Protocolo diagnóstico
- Analítica completa con bioquímica
- Ecografía abdominal: paredes engrosadas, hígado y riñones afectados, ganglios linfáticos abdominales aumentados
- Citología de tejido ganglionar (macrófagos, neutrófilos y proteínas son hallazgos típicos)

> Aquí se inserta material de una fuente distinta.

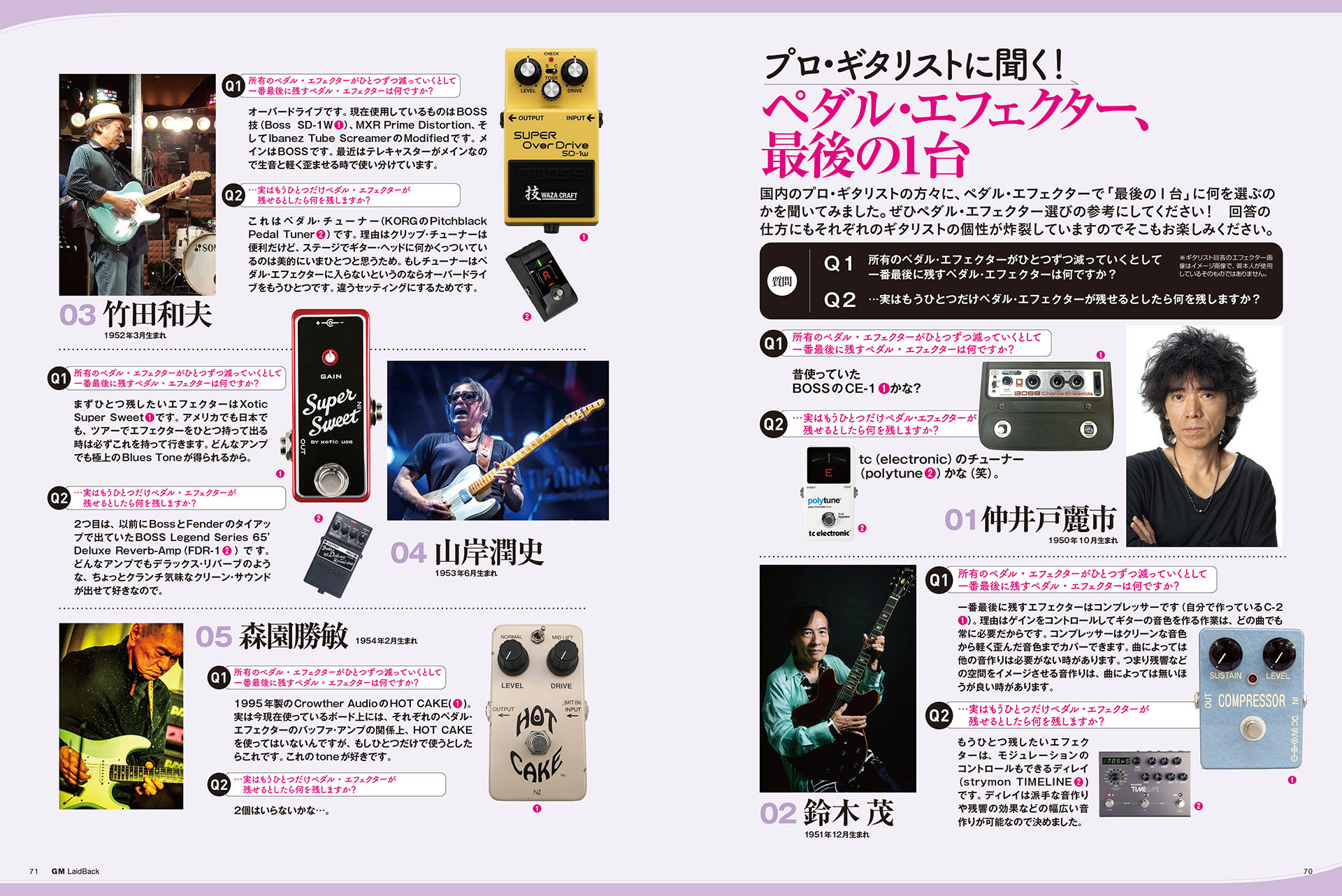 自分が持っているペダル・エフェクターがもしひとつずつ減っていくとしたら...その時に一番最後に残すペダル・エフェクターは何なのか? 「最後に残ったペダル・エフェクター」「そのペダル・エフェクターを選んだ理由」「通常どのように使っているのか」をレイドバック世代のプロ・ギタリストたちに教えてもらった。それぞれの選択内容の違いを楽しむのはもちろん、自身のエフェクター選びの参考としても役立つ企画。

- PCR IDEXX en muestra de tejido: detecta 2 mutaciones específicas del FIP. Un resultado positivo para coronavirus felino sin ninguna de las dos mutaciones no descarta el PIF, pero tampoco lo confirma: hay que leerlo junto al resto del cuadro
PIF húmedo abdominal (ascitis)
Forma de evolución más rápida. El líquido amarillento-pajizo en abdomen es el signo más visible. Se recomienda comenzar el tratamiento inmediatamente.
Protocolo diagnóstico
- Analítica con bioquímica + ecografía
- Muestra de líquido abdominal: citología (macrófagos, neutrófilos, proteínas) y PCR IDEXX
- Atención: en el PIF húmedo las proteínas pueden diluirse en el líquido, haciendo que el ratio albúmina/globulina parezca normal (>0,6 o incluso >0,8). No descartar PIF por este motivo
Manejo clínico importante
- No drenar la efusión abdominal salvo que comprima el tórax e interfiera con la respiración: el líquido reaparecerá y puede causar desequilibrio de electrolitos y proteínas
- No administrar diuréticos salvo cardiopatía concomitante
PIF húmedo pleural
El derrame pleural suele asociarse a disnea de distintos grados. Las pruebas diagnósticas son las mismas que en la forma abdominal, con una diferencia crítica en el manejo.
Protocolo diagnóstico
- Analítica con bioquímica + ecografía
- Muestra de líquido pleural: citología y PCR IDEXX
Manejo clínico importante
- Sí drenar la pleura: a diferencia de la forma abdominal, el drenaje pleural es necesario para que el gato pueda respirar con normalidad y evitar una parada cardiorrespiratoria
PIF ocular y neurológico
Ocurre cuando el virus traspasa la barrera cefalorraquídea. Puede presentarse combinado con cualquiera de las formas anteriores. Importante: las analíticas de sangre pueden aparecer completamente normales, lo que no descarta el diagnóstico.
Protocolo diagnóstico
- Analítica con bioquímica + ecografía
- TAC o resonancia magnética si es económicamente viable
- Punción lumbar (LCR) para citología y PCR, si la presión intracraneal lo permite y el veterinario lo estima oportuno
- En forma ocular: citología y PCR del humor acuoso
Respuesta al tratamiento: si el cuadro es compatible con PIF y el estado del gato no permite esperar, un veterinario con experiencia puede decidir iniciar el tratamiento antes de tener la PCR. El GS-441524 actúa específicamente sobre el coronavirus mutado, así que una mejora clara en los primeros 3–7 días refuerza mucho la sospecha. Refuerza, no confirma: la respuesta al tratamiento es un argumento clínico a favor, no una prueba diagnóstica. El PIF suele presentarse en gatos menores de 24 meses o mayores de 15 años.
FAQ
Preguntas sobre el diagnóstico del PIF
Respuestas claras a las dudas más comunes.
No existe un único test 100% definitivo. La combinación más diagnóstica incluye: ratio albúmina/globulina inferior a 0.8 (con frecuencia inferior a 0.5), proteínas totales elevadas, linfopenia y anemia. En el PIF húmedo, un test de Rivalta positivo en el líquido abdominal añade especificidad. La PCR en líquido y la inmunohistoquímica en tejido son las únicas que permiten confirmar el diagnóstico. Sin una de las dos, lo correcto es hablar de un cuadro compatible con PIF, no de un PIF confirmado.
El coste varía según las pruebas realizadas y el país. Una analítica completa puede costar entre 80-200€. La PCR específica en líquido puede ser más cara. Habla con tu veterinario sobre las opciones más coste-efectivas para tu situación.
Si el estado del gato está empeorando rápidamente y el cuadro clínico es muy sugestivo, algunos veterinarios con experiencia inician el tratamiento sin esperar la confirmación definitiva, una respuesta positiva al tratamiento en los primeros días también refuerza el diagnóstico. Es una decisión del veterinario, y mientras no llegue la PCR el caso sigue siendo compatible con PIF y no un PIF confirmado. Un diagnóstico más sólido da más seguridad para decidir, pero el tiempo importa.